На Хитровой горе — небольшом, но крутом холме — стоял только один дом, рубленный из крепких дубовых бревен. Володя постучал. Никто не ответил. Тогда, приподняв деревянную щеколду, мы открыли дверь сами и через холодные сени вошли в светлую, просторную горницу. У стола сидела миловидная, курносая девушка лет восемнадцати.

— Прасковья Магерина дома? — спросил я.

— Ни. Мама в лес пошла, за травами, — приветливо ответила девушка.

— Мы хотим с твоей мамой поговорить. Мы из экспедиции, копаем здесь, в селе. А тебя как зовут?

— Зиной. А я вас видела. Сидайте, мама скоро придет.

Ждать пришлось недолго. Дверь распахнулась спустя минут десять, не больше, и в горницу вошла женщина лет пятидесяти, высокая, статная. В одной руке она держала несколько пучков разных трав, перевязанных, как редиска, нитками.

Женщина бросила на нас смелый, но в то же время какой-то настороженный взгляд и сказала:

— Здравствуйте, гости дорогие! Чего Москве на Хитровой горе увиделось?

— Здравствуйте, — ответил за нас обоих Володя. — Простите, не знаю, как ваше имя-отчество?

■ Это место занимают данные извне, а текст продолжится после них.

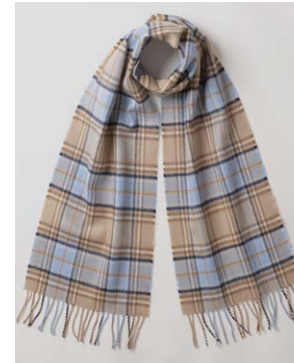
WWS795/202 Skara Brae Blue Stone
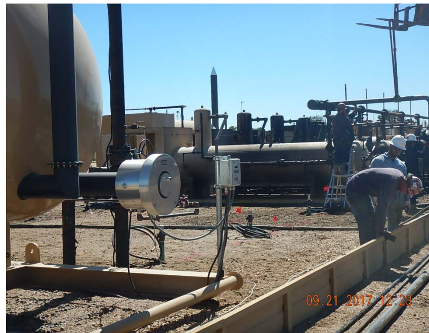
Fire damage photo
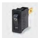
☐ X8800VA ☐ T8800VA - - -
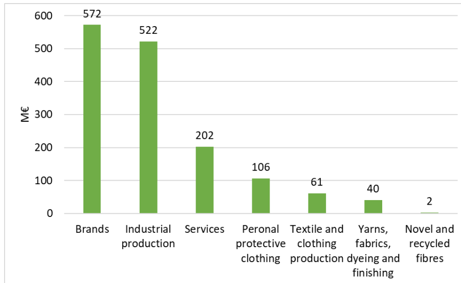
Figure 2. Turnover of different subsectors of Finnish textile industry. (Brands includes manufacturers of clothing, accessories and interior and home textiles, such as fashion brands that do not have their own production in Finland; Industrial production includes nonwovens, hygiene products, medical textile products and other technical textiles; Services includes rental, laundry and second-hand platforms; Personal protective clothing includes manufacture, wholesale and retail 9 ).

The manufacturing of textiles and clothing is the core of the Finnish textile industry. Broadly speaking, however, the textile and fashion sector in Finland covers a number of different actors and activities. In addition, the textile and fashion sector includes retail and wholesale of textiles and fashion, maintenance of textiles and fashion, and other manufacturing related to the industry, including shoes, leather goods, fiberglass and mattress. In 2019, the turnover of the whole textile sector was EUR 4.4 billion. 14 The turnover of selected subsectors of the Finnish textile industry is shown in Figure 2.

— Прасковьей Антоновной величают, — спокойно, с легкой усмешкой ответила Магерина. Потом налила ковшом воды из бочки в плоскую деревянную бадейку, с удовольствием, как-то особенно умыла руки и лицо, вытерлась чистым белым, расшитым по концам петухами рушником и присела на лавку.

— Прасковья Антоновна, говорят, вы знаете много хороших песен, — продолжал Володя. — Мы бы очень хотели послушать, как вы поете.